There's not enough room on a church signpost to print the Sermon on the Mount, so a pastor must beckon passersby with a punchy phrase, chock full of thought-provoking biblical wisdom. The kind of message that knocks around one's brain for a few days. That's the effect of the marquee in front of the First United Methodist Church, just south of Young Circle in Hollywood. "If you're beside yourself, now you can pray twice as hard." Get it? "God is like bleach," another sign said. "He gets out stains no one else can." Amen! And the devil, then, is like a red sock that lurks in a pile of whites, plotting to put his imprint on the purest white fabrics.

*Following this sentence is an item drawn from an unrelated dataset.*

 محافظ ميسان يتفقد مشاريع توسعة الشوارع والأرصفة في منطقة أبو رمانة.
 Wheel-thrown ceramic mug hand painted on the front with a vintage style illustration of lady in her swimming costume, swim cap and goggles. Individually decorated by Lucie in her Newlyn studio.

Sister Faith learned the ancient art of "sweating" from the Navajo Indians of Big Mountain, a reservation in Northwest Arizona. She builds her sweat lodge with limbs that have fallen from trees near her home, which sits on a half-acre of countryside outside Loxahatchee. It's a small oblong structure, no more than six feet by eight feet. But within that elevator-sized space, Sister Faith fits as many as 16 people — or "souls," as she likes to call them. As if body heat alone weren't enough to make this a sauna, she places heated rocks in the center, then pours water over them to create steam. The ceremony starts around dusk and often lasts till 3 a.m. Drumming, chanting, and prayers for Mother Earth help sweaters to transcend the heat and, says Sister Faith, lead sweaters in their "journey into the spiritual realm." She takes particular delight in winning over the curious-but-skeptical people who, by ceremony's end, profess to have left behind all their negative energy and want only to hug.
Polo is a classy sport. No wonder Americans haven't really taken to it. But add alcohol and motorized vehicles, and voilà! At the International Polo Club, you can customize a company outing featuring a polo match with an announcer explaining the rules, food and drinks, and a "divot stomp," at which participants (champagne glasses firmly in hand) march onto the field to flatten out turf that's been kicked up by ponies' hooves. But the best part: After eating, grab a mallet, get in the golf cart (the polo players drive), and tear ass around the field for a match on four wheels. What's that sound? Ralph Lauren weeping with jealousy?
The tradition of kitsch is unique to our region, and the Mai-Kai is the king of kitsch. This tropical time warp has been owned and run by the same family for more than 50 years and boasts the amazing Molokai bar. Built out of an old movie set's pirate ship, this plank-floor rum factory is quickly disorienting. Water runs down the exterior of the submarine-style windows, and the lighting is always dark and warming — soon the outside world is just a hazy memory and your new, much funner, life revolves around tiki-tacky drinks served in hollowed-out coconuts and pineapples. If you go at the right time, you can catch the bar band playing Don Ho covers next to an archaic drum machine that we can only imagine was salvaged from Gilligan's Island. If you're feeling flush with cash, make a reservation for the floor show. You'll hardly notice the mediocre cuisine when you become hypnotized by the gyrating, fire-throwing Polynesian dancers on stage. In between sets, take a stroll through the tiki gardens and pay homage to the statues placed throughout — most of which resemble large-scale versions of the "bad luck souvenir" from the famous "Brady Bunch Hawaiian Vacation" episode. When you pick up your car from the valet, your guests will say, "Screw Disney!"